((

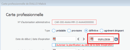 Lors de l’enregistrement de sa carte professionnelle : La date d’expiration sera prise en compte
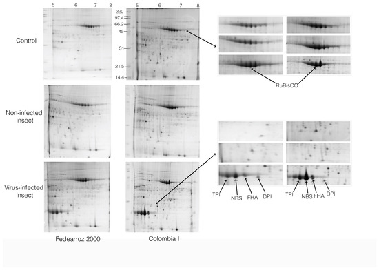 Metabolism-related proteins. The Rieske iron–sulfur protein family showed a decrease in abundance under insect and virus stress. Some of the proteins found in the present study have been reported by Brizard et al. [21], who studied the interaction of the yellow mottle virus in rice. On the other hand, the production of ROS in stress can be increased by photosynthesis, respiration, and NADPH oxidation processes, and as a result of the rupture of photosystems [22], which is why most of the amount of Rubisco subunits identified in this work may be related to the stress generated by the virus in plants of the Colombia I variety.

))
((

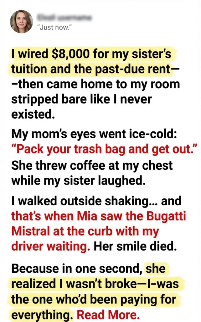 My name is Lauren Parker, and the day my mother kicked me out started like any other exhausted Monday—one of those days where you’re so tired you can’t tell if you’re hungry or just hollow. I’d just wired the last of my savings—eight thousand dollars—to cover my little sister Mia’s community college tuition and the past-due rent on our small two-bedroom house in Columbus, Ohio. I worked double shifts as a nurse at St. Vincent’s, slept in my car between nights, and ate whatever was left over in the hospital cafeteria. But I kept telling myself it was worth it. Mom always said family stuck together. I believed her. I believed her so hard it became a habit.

))
((

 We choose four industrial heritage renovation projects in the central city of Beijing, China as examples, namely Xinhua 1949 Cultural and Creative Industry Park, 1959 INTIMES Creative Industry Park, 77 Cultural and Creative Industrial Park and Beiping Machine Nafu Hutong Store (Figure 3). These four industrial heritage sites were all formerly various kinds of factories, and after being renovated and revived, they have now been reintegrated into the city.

))

## [Task details]
Look above for the line with "Lors de l’enregistrement" and the line with "Metabolism-related proteins. The", then copy them and all lines in between exactly as written, and only those, without any pictures.

## [Result of the exercise]
 Lors de l’enregistrement de sa carte professionnelle : La date d’expiration sera prise en compte
 Metabolism-related proteins. The Rieske iron–sulfur protein family showed a decrease in abundance under insect and virus stress. Some of the proteins found in the present study have been reported by Brizard et al. [21], who studied the interaction of the yellow mottle virus in rice. On the other hand, the production of ROS in stress can be increased by photosynthesis, respiration, and NADPH oxidation processes, and as a result of the rupture of photosystems [22], which is why most of the amount of Rubisco subunits identified in this work may be related to the stress generated by the virus in plants of the Colombia I variety.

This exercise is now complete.